Intra-African services trade, labour mobility and migration are emerging issues that need attention
Developing services trade is a key component of successful regional integration in Africa, says the report. Services represent, or have the potential to become, significant sources of export earnings for a large number of African economies. Tourism, construction, ports and logistics services relating to road and rail transport offer important export potential for many countries. Also, considering that professional and transport services, telecommunications, banking and insurance - the so called "producer" services - are inputs into other economic activities, they either facilitate or hinder trade and production in other economic sectors, depending on the efficiency with which they are made available to users. That is why the efficient production of services and their trade should be considered as important as the production and trade of goods. Currently, most African countries are unable to provide domestically the quantity or quality of producer services demanded by local producers and exporters, thus undermining competitiveness. The report says more attention should be given to creating an efficient services sector in Africa.

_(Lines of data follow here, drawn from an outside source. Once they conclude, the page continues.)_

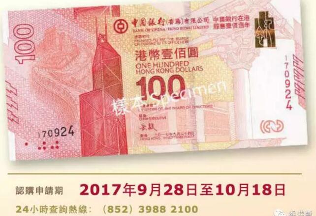 【香港商報网訊】記者邱媛媛報道:中銀香港(2388)「百年華誕紀念鈔票」終發行,面值為100元港幣,共500萬張,包括單張、三連張及三十連張,將於本周四至10月18日接受認購申請。此外,還有388套慈善珍藏版將以競拍方式發售,但稍后才公布具體銷售詳情。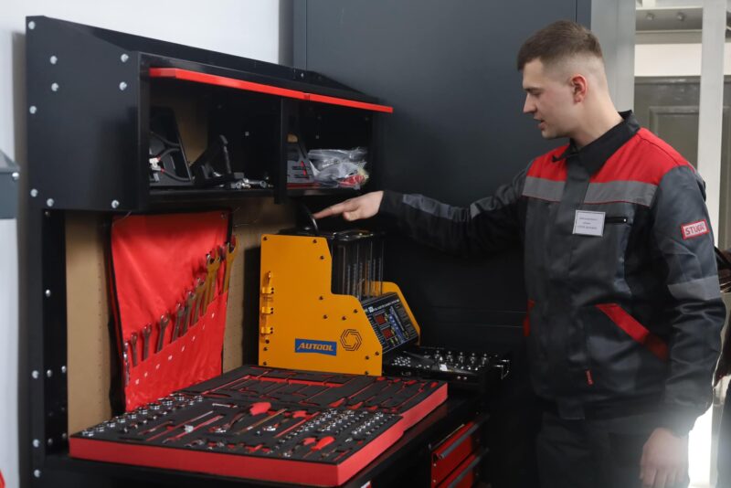 Навчально-практичний центр забезпечили автопідіймачами, практичними стендами для регулювання паливної системи, шиномонтажним і балансувальним обладнанням, системами для обслуговування автокондиціонерів, а також ноутбуками з ліцензованим програмним забезпеченням та іншими засобами діагностики.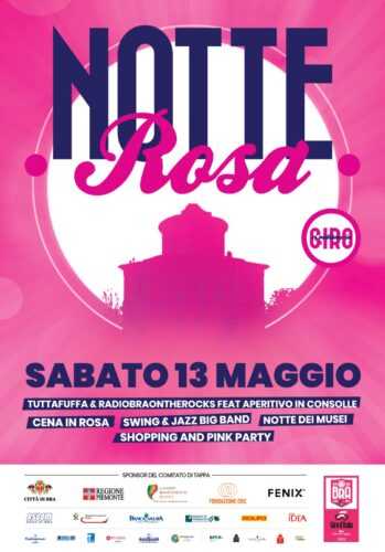 Ma la “Notte Rosa” – nuovo appuntamento della rassegna “Ci vediamo in Giro” – sarà anche l’occasione per soddisfare interessi artistici e culturali. Per l’occasione, infatti, tutti i musei cittadini saranno aperti per visite serali gratuite anche per i non residenti a Bra.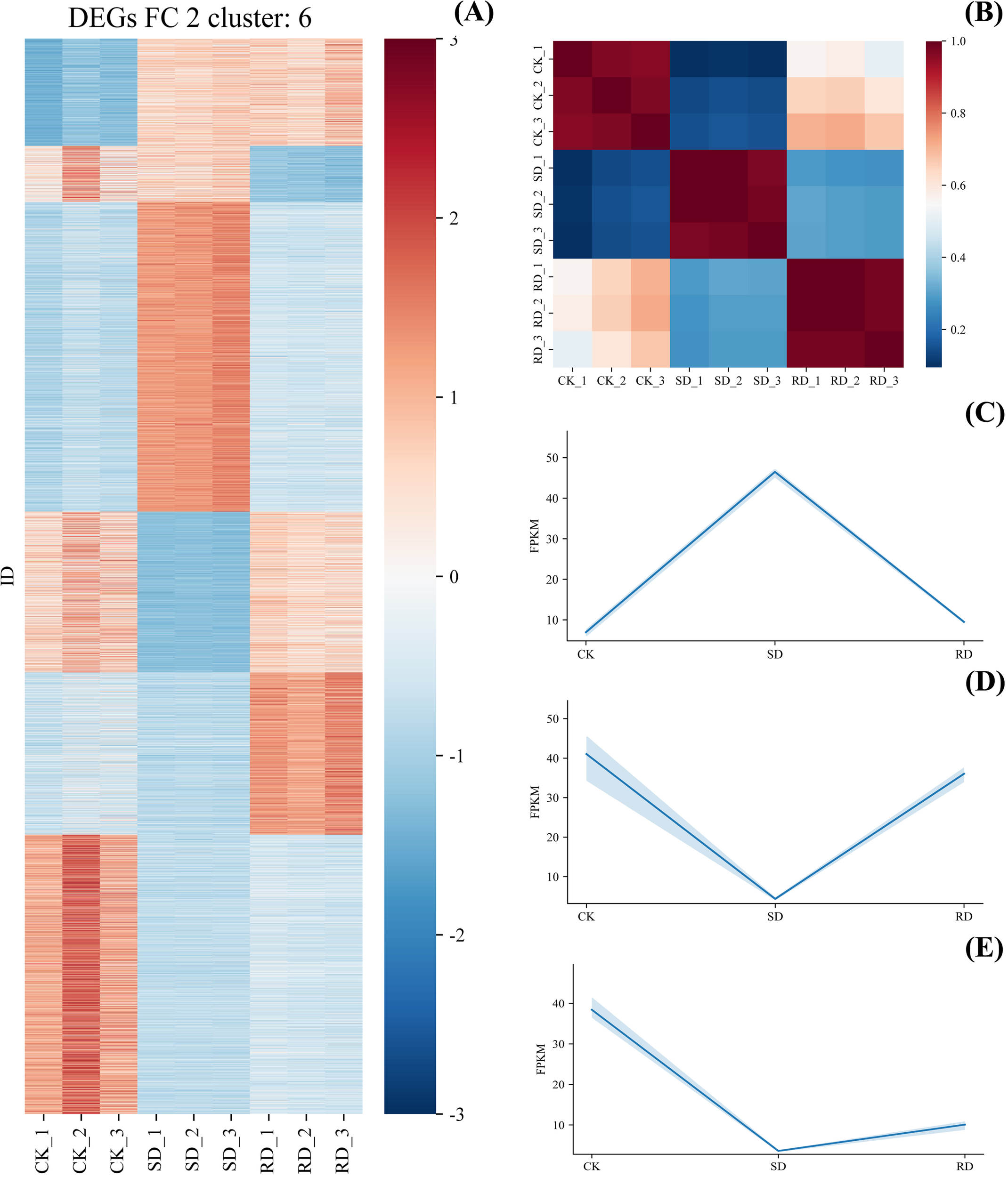 Spearman correlation analysis and DEGs cluster analysis of RNA expression in (C) multiflorus leaves under drought stress and rehydrated. (A) DEGs cluster analysis; (B) Spearman correlation analysis; (C) linear fitting of the second category; (D) linear fitting of the third category; (E) linear fitting of the fifth category.
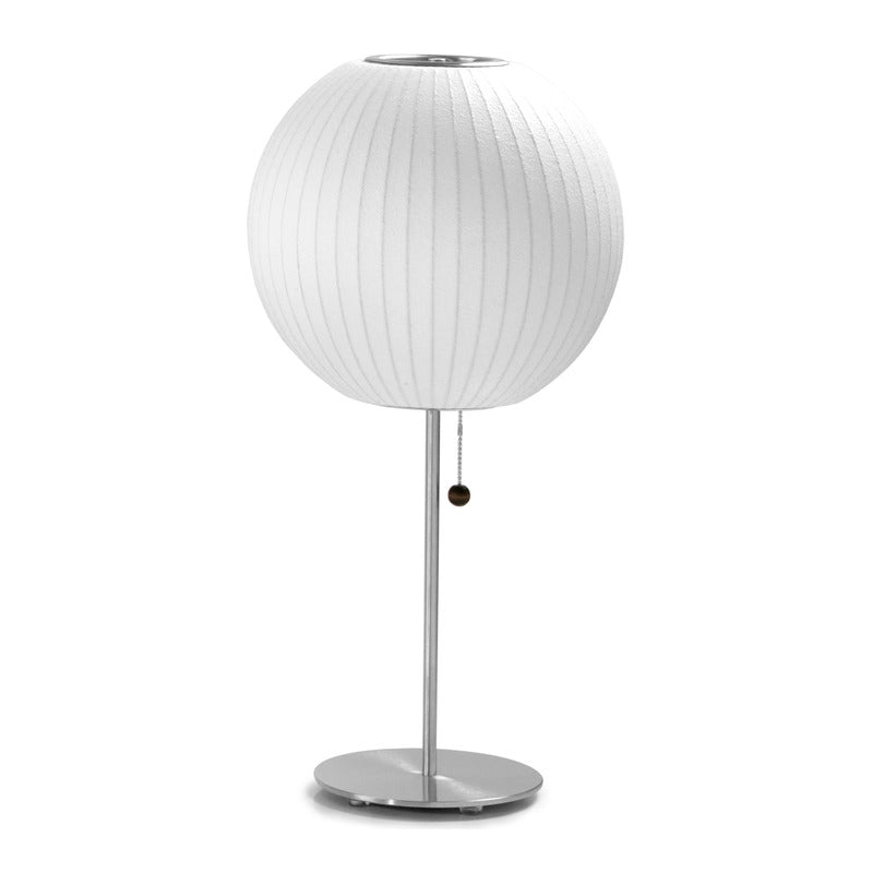 The Nelson Ball Lotus Table Lamp is part of the Nelson Bubble Lamp series. Mounted on a steel base, with or without walnut cover, the charming sphere fills interiors with a warm, diffused light. George Nelson, inspired by a set of silk-covered Swedish hanging lamps, originally designed the Bubble Lamp series in 1952.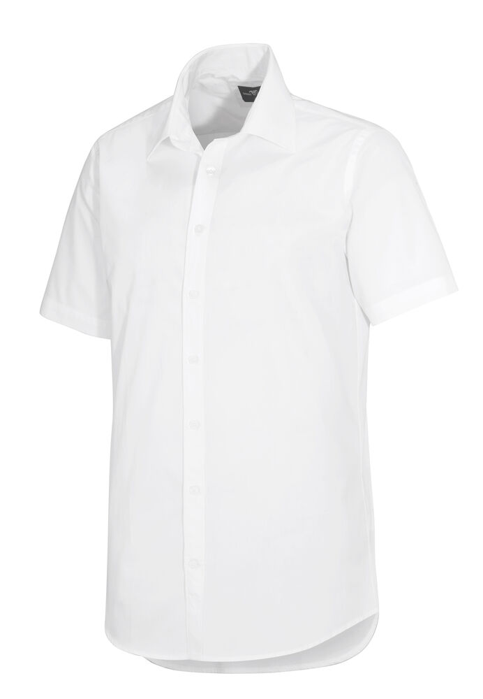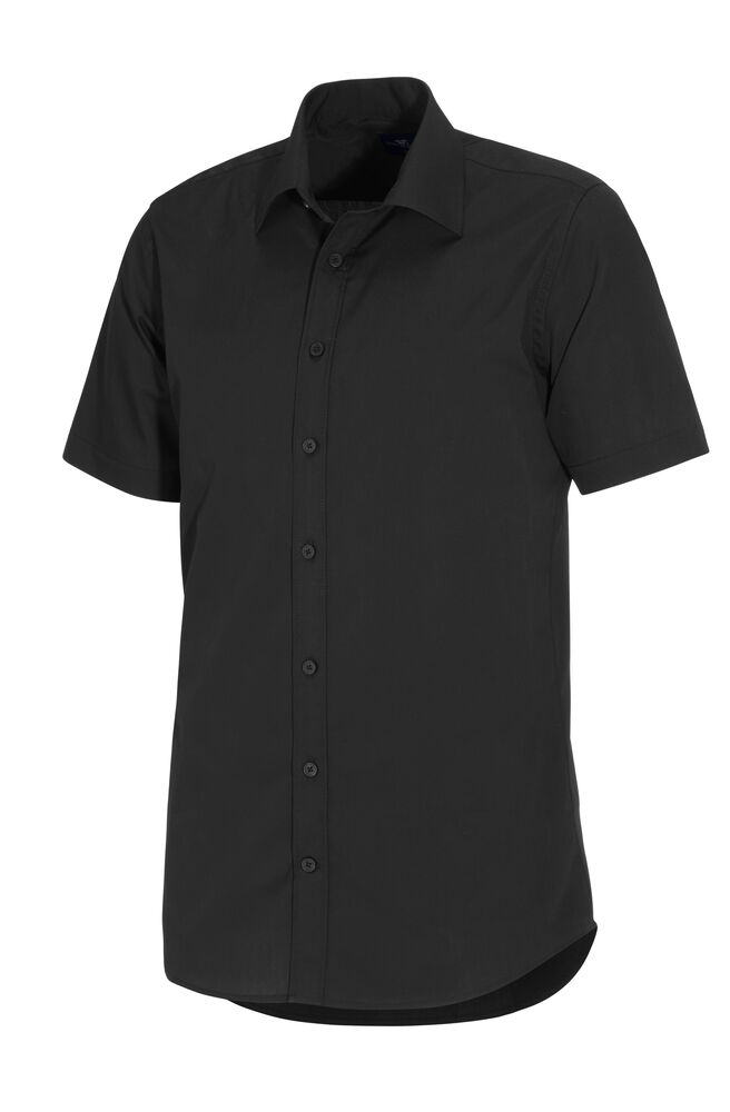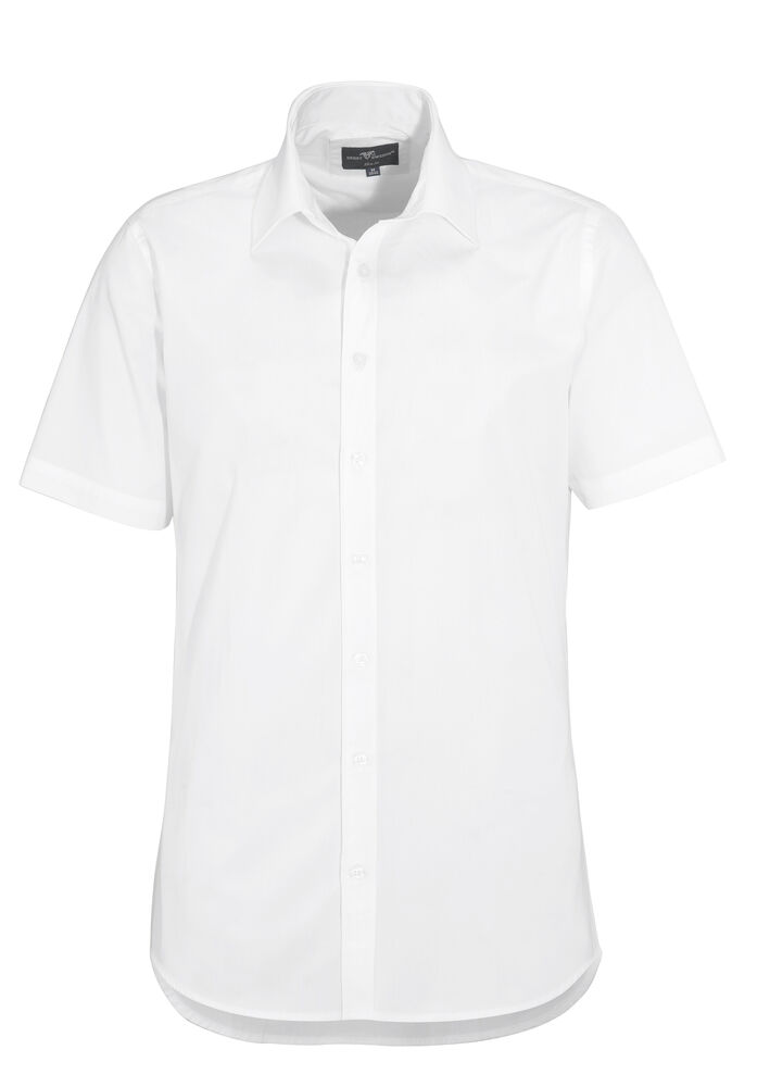 Poplinskjorte med korte ermer, ton-i-ton knapper og turndown krage.

Most regional integration agreements in Africa include provisions on the free movement of persons and the right of residence. Although these are among the most poorly implemented provisions, they have led to the easing or abolition of visa requirements for travelers within the integration groups concerned, particularly in Western, Eastern and Southern Africa. Restrictions remain on employment and the right of residence given the political sensitivity of these matters. Many in Africa argue that the restricted movement of labour across national boundaries is a major constraint to regional integration. For significant progress to be made, a more positive approach to intra-African migration is needed, the report says. There is a need for stronger political will to overcome national lobbies opposed to this form of integration. Forging ahead with this agenda may also imply amending and harmonizing national laws and investment codes, particularly their provisions barring "foreigners" from participating in certain categories of economic activity.